> [Data to process]
···

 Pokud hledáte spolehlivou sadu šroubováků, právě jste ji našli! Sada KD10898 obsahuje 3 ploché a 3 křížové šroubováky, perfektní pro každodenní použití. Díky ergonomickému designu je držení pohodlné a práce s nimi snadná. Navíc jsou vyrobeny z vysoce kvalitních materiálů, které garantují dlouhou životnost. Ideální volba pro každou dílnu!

···

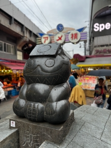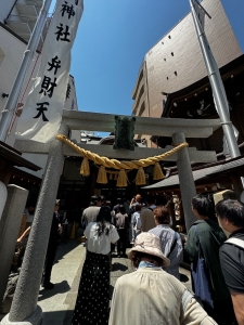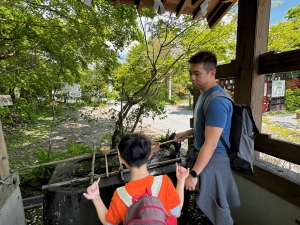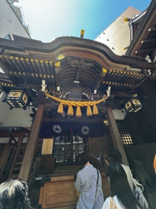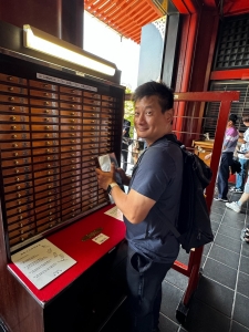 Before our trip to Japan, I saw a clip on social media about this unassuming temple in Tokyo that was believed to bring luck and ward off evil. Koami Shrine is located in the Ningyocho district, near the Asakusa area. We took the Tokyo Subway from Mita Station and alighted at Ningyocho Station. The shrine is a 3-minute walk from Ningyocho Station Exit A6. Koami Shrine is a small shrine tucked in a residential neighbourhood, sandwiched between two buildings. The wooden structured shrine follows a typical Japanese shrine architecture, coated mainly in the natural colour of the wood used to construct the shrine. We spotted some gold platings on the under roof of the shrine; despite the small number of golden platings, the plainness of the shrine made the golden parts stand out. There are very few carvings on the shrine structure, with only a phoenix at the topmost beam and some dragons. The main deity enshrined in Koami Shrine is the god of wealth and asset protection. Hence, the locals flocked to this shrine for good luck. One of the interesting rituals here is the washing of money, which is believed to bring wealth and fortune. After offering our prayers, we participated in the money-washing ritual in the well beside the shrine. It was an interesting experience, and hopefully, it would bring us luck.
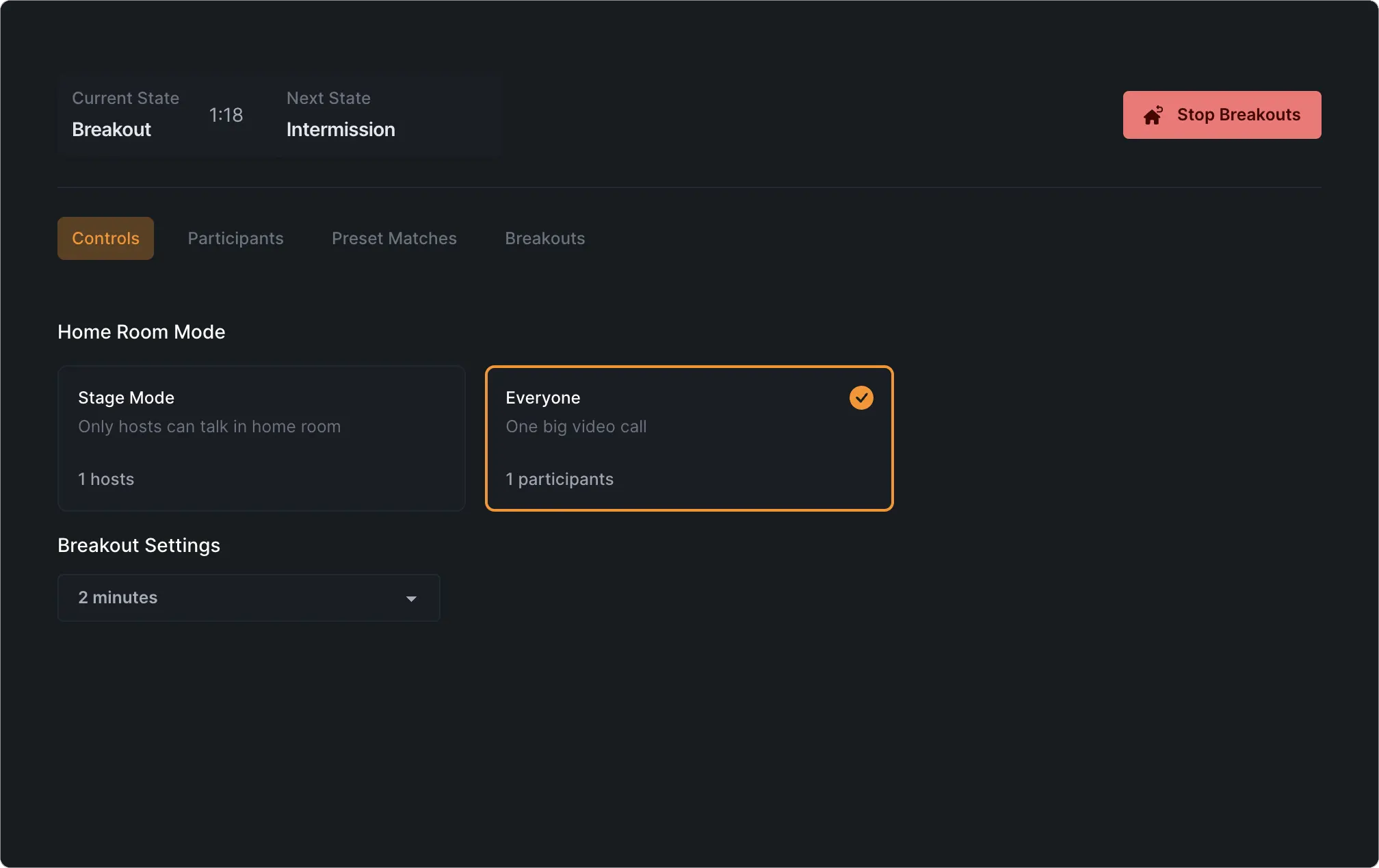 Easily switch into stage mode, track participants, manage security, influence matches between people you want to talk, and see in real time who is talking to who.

···

> [Work request] Everything from the line above that contains "Before our trip" down to the line that contains "Easily switch into" must be reproduced exactly, both ends included. Omit the pictures.

> [Task response]
 Before our trip to Japan, I saw a clip on social media about this unassuming temple in Tokyo that was believed to bring luck and ward off evil. Koami Shrine is located in the Ningyocho district, near the Asakusa area. We took the Tokyo Subway from Mita Station and alighted at Ningyocho Station. The shrine is a 3-minute walk from Ningyocho Station Exit A6. Koami Shrine is a small shrine tucked in a residential neighbourhood, sandwiched between two buildings. The wooden structured shrine follows a typical Japanese shrine architecture, coated mainly in the natural colour of the wood used to construct the shrine. We spotted some gold platings on the under roof of the shrine; despite the small number of golden platings, the plainness of the shrine made the golden parts stand out. There are very few carvings on the shrine structure, with only a phoenix at the topmost beam and some dragons. The main deity enshrined in Koami Shrine is the god of wealth and asset protection. Hence, the locals flocked to this shrine for good luck. One of the interesting rituals here is the washing of money, which is believed to bring wealth and fortune. After offering our prayers, we participated in the money-washing ritual in the well beside the shrine. It was an interesting experience, and hopefully, it would bring us luck.
 Easily switch into stage mode, track participants, manage security, influence matches between people you want to talk, and see in real time who is talking to who.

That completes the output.